Data provided >>
+ + +

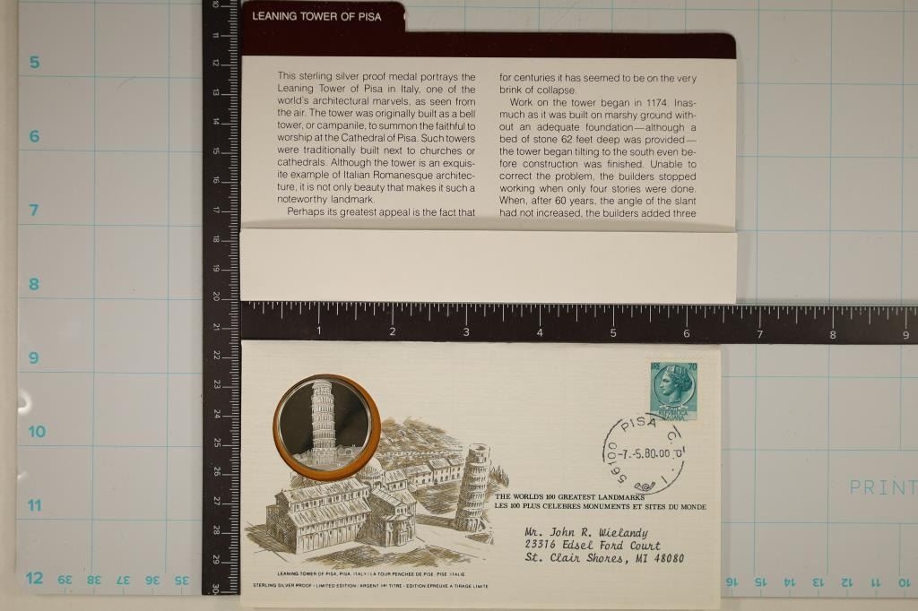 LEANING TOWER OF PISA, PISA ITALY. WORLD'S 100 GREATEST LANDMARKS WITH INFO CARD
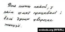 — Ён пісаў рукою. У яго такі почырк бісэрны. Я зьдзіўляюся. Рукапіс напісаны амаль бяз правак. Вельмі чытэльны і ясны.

+ + +

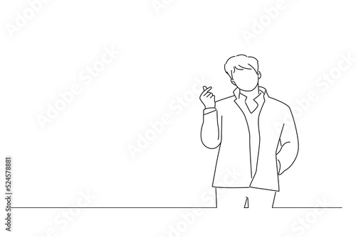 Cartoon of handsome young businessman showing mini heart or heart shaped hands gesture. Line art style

+ + +

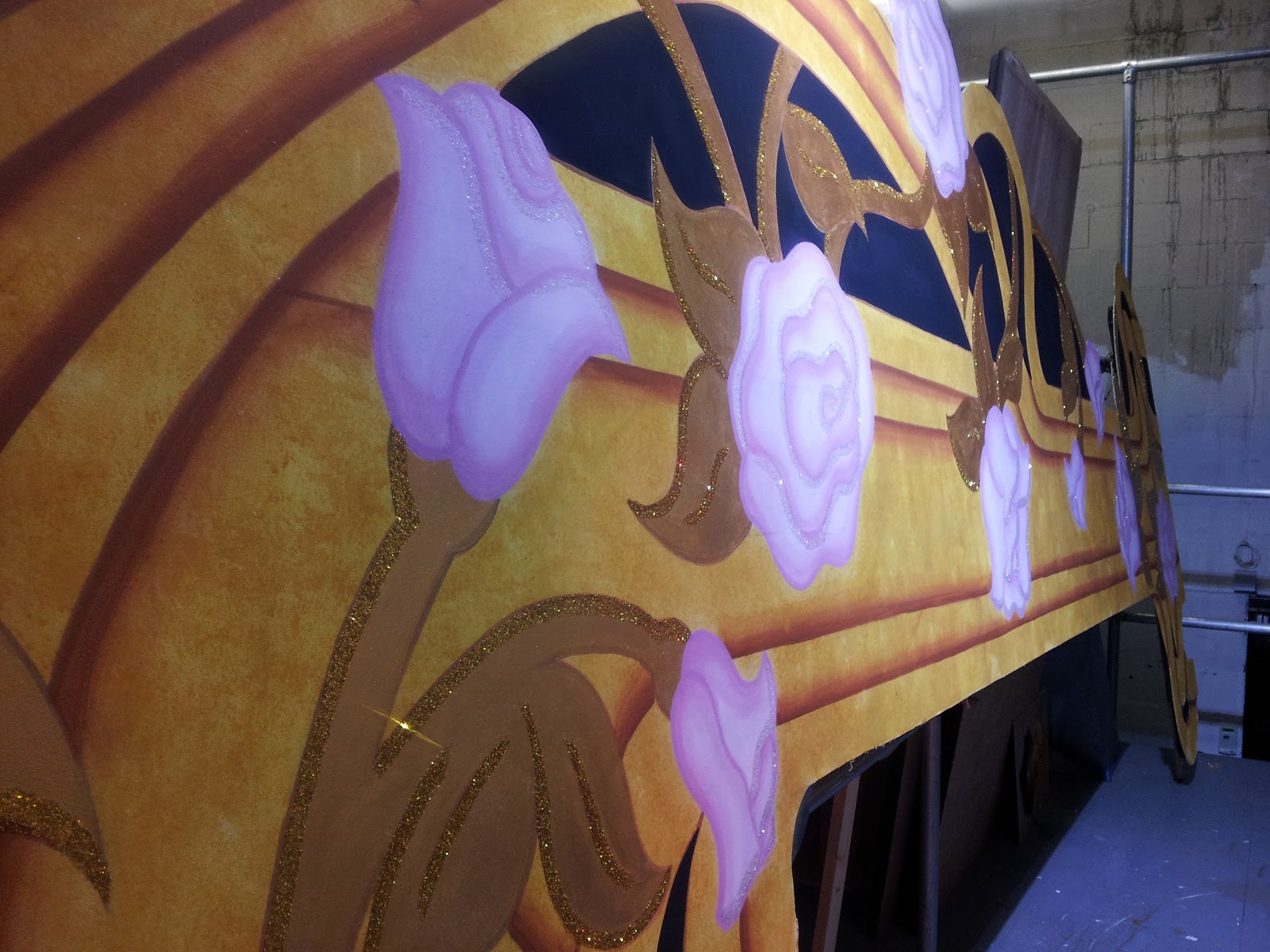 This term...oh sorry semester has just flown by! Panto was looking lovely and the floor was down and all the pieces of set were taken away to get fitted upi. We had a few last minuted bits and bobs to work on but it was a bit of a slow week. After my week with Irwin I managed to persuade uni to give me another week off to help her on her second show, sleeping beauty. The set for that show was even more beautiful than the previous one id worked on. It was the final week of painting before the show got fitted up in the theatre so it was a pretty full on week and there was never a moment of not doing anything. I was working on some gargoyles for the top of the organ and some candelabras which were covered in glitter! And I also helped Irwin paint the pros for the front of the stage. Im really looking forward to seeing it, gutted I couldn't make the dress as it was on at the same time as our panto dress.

+ + +

Problem requirements >>
Range to copy from the listing above: the line containing "LEANING TOWER OF" down to the line containing "чытэльны і ясны.", both included. Reproduce it exactly, minus the pictures, and add nothing.

Exercise solution >>
 LEANING TOWER OF PISA, PISA ITALY. WORLD'S 100 GREATEST LANDMARKS WITH INFO CARD
 — Ён пісаў рукою. У яго такі почырк бісэрны. Я зьдзіўляюся. Рукапіс напісаны амаль бяз правак. Вельмі чытэльны і ясны.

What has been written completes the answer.